Будь Матиас женщиной, или трансвеститом, или художником своего тела, или даже просто сторонником полной свободы в формировании своего имиджа – и все было бы нормально, все было бы в порядке. Но в том-то и дело, что Матиас вовсе не имидж свой формировал. Он делал что-то совсем другое всем этим. Когда тщательно гримировал свое лицо, а иной раз и все тело, даже перед тем, как отправиться спать (о коже – о здоровье и молодости своей кожи – Матиас уж давно, а, пожалуй, и никогда, не думал).
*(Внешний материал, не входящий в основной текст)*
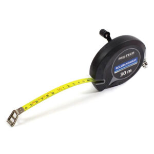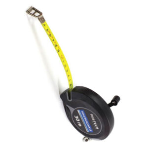 Mjerna traka 30m od proizvođača PROTECH – čelična traka s fleksibilnim vrhom spriječava ranu koroziju i pucanje. Dodatno ojačana konstrukcija sa izdržljivim ABS okvirom štiti od udara i pucanja. 1 okret ručke = 6 okreta od koluta za brže premotavanje. Poklopac od najlonskog premaza – smanjuje habanje. Najlonski premaz otporan na hrđu pokriva cijelu površinu oštrice osiguravajući dugotrajnu čitljivost i izdržljivost. Materijal: ABS plastika.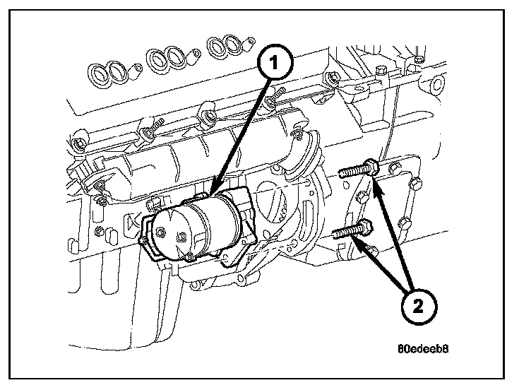 3. Position starter motor (1) to engine.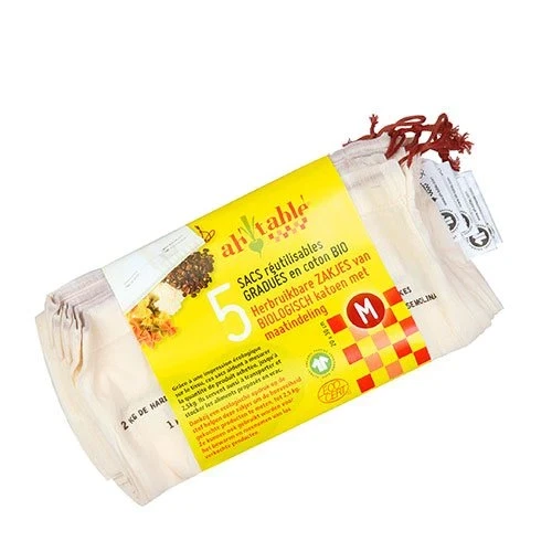 Grøntsagsposer i øko bomuld str. M 5 stk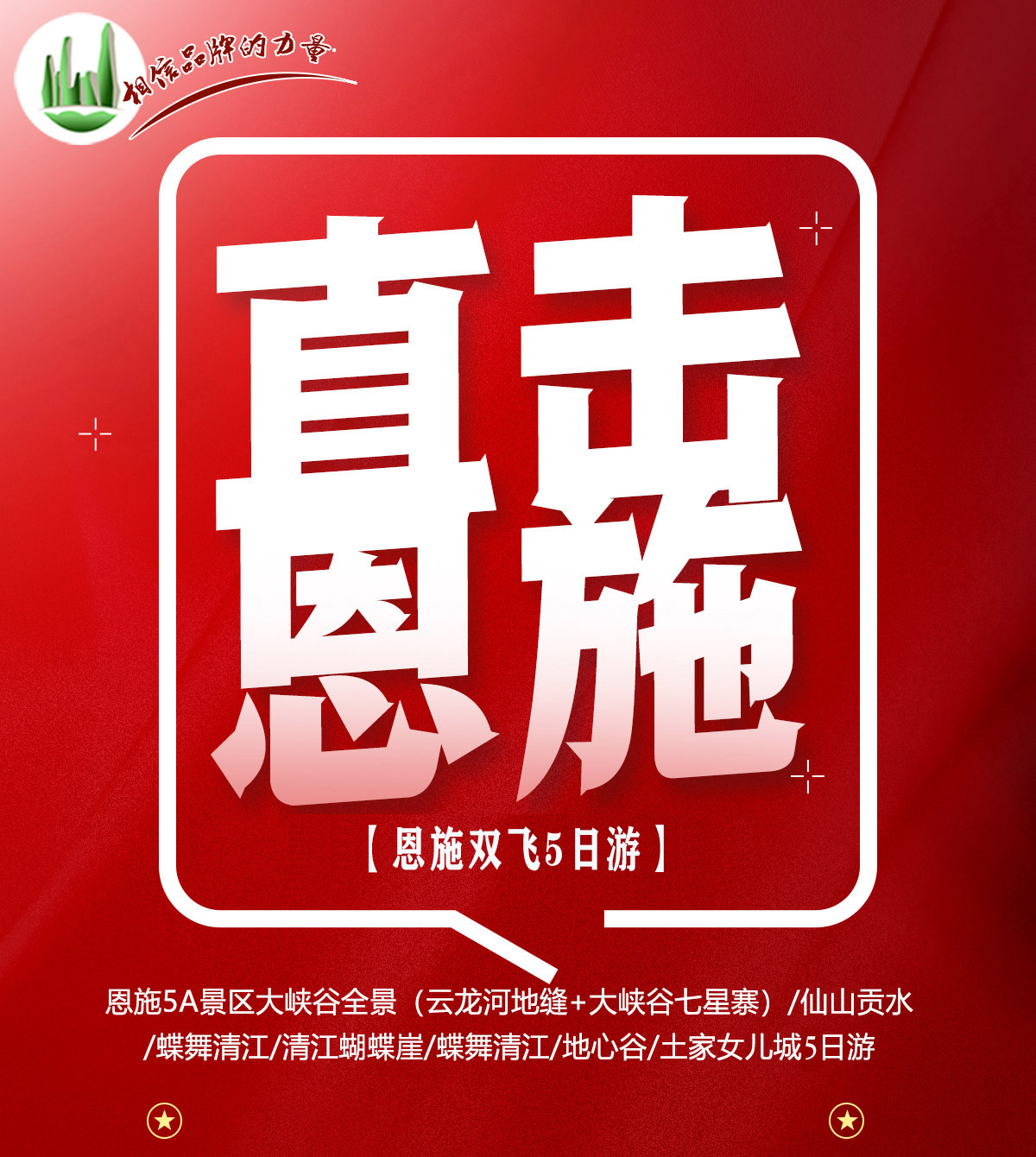 3、恩施5A景区大峡谷全景/仙山贡水/蝶舞清江/清江蝴蝶崖/地心谷/土家女儿城5日游

- И здесь мы подходим к одной из главных особенностей всех некоторых, - торжественно объявляет Матиас своему лицу, внимательно и немного недоверчиво глядящему на него из зеркала гримерки. - Занимаясь тем или иным вполне узаконенным делом (а нанесение косметики на лицо и даже на все тело – тоже вполне узаконенное в культуре дело, не так ли?) каждый некоторый занят на самом-то деле чем-то совсем другим, чем-то совсем не этим. - Так Матиас, сам не заметив как, обнаружил некоторого в самом себе, обнаружил себя одним из некоторых. Попал прямо в эпицентр их судеб.

Чем на самом деле занята Кира Блик, любя своего мужа?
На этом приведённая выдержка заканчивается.